What I am hoping to do with this toolkit is to impart some of the knowledge I've gained through my experience to whoever reads it and may want to improve their overall wellness.
Being a type 2 diabetic with a less than stellar bill of health and close to being overweight, it was time for a change. After the span of about 6 months, 20 lbs lighter, with a much improved A1C (I was able to bring it down to 5.4 which is considered not diabetic and normal), EDIT : 4.7 as of July 2022 -healthier blood cholesterol and glucose levels and more strength and stamina, I am a much improved version of my previous self. I didn't follow any fad diet or starve myself. What I did do was become more active and started eating healthier. Doing a lot of research, I found the nutritional values of food and what types of food to avoid and found valuable information on how to maximize my workouts. It's not just a diet, it's a lifestyle change, and now my health is one of my priorities.

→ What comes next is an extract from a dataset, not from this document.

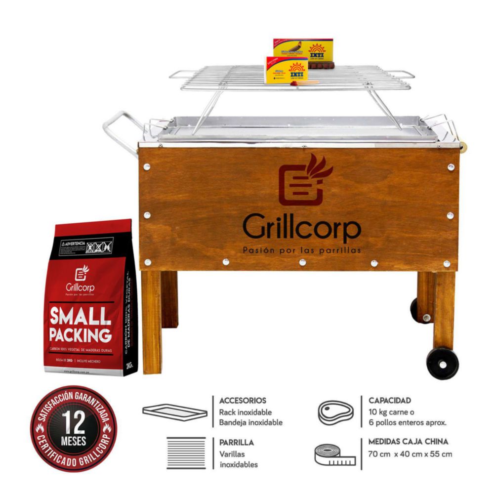 Caja China Mediana Premium + Parr Varillas Inoxidables + Carbón + Pack Inti

I'd like to share with you some of the things I did to achieve these results, and they can be applied to any age group. As a matter of fact, the older you are the more important they may be. And even if you don't need to shed a couple pounds, I hope you still are inspired and learn a couple things. Some tips may be easier to follow than others. I pretty much went into it with 'guns blazing' but some people may take time for them to achieve a goal or make a healthy change, and that's fine. Remember, a little progress is better than none at all. But make no mistake, sacrifices will need to be made. But are they really sacrifices when it comes to your health? Instead, think of it as shedding bad habits as you shed unwanted pounds, and gain strength in doing so.
I will focus on four things:
+ PORTION CONTROL
+ NUTRITION (protein, what to avoid)
+ EXERCISE
+ SETTING GOALS
You will see how these things are directly related
Portion Control
Love to eat out? Ever notice that a meal for one person is actually large enough to feed two in most cases? When we are conditioned to eat so much food, we eat more, our stomach expands and it takes longer for us to feel full because our stomach can hold more food.

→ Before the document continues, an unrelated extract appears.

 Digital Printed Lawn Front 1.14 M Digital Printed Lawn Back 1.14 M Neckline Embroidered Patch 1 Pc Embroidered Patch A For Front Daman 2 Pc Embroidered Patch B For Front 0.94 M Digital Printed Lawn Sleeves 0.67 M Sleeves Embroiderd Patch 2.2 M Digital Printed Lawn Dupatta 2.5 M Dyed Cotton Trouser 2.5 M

By slowly eating less you allow your stomach to shrink back to its normal size and you wont eat as much, you wont be as hungry as often. It can be tough to achieve, but with proper nutrition (and hydration) it can be done, and I will get to that next as the two are directly linked.
A lot of times we tend to eat well beyond our feeling of being full...extra food may be present or you have a craving for just one more bite. To lose weight you need to be in a caloric deficit and to do that you need to eat less. Here are some tips to help prevent you from overeating. Sometimes if it's a type of food I really love, (Asian) it can be a real struggle for me to not overeat.

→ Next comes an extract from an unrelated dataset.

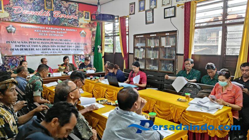 Kegiatan Musdes ini bertujuan untuk menjaring aspirasi dan masukan dari seluruh elemen masyarakat guna menentukan arah kebijakan dan program prioritas pembangunan desa ke depan. Turut hadir dalam kegiatan tersebut Perbekel Desa Demulih beserta perangkatnya, BPD, Babinkamtibmas, pendamping desa, tokoh masyarakat, tokoh adat, dan unsur lembaga desa lainnya.

Share a large meal, or bring some home
As previously stated, restaurants usually have rather large portion sizes, so if you are eating out with someone, offer to share the meal. An alternative is just eat half and bring the rest home for your next meal.
Drink a glass of water before the meal.
Water has 0 calories and it's always good to be properly hydrated anyways. Drinking a glass of water can help you feel full quicker as it takes up space in your stomach and you may not want to eat as much.
Eat smaller meals more frequently.
Eating less more often can help stave off feeling hungry as your stomach has something in it more often. It may be hard to do in today's busy world but an alternative would be having a snack between meals. Remember to make the meals and snacks healthy.
Don't skip breakfast
It would make sense to right? Because by skipping breakfast you aren't getting as many calories...but the problem is, if you skip breakfast you may tend to overeat at your next meal or eat a quick but unhealthy snacks because you are hungry. Also by eating breakfast, by the time you have your next meal you will have burned through some of those calories already, and you need them for energy as well as the protein! so eating a healthy breakfast is a win-win. Breakfast is the most important meal of the day.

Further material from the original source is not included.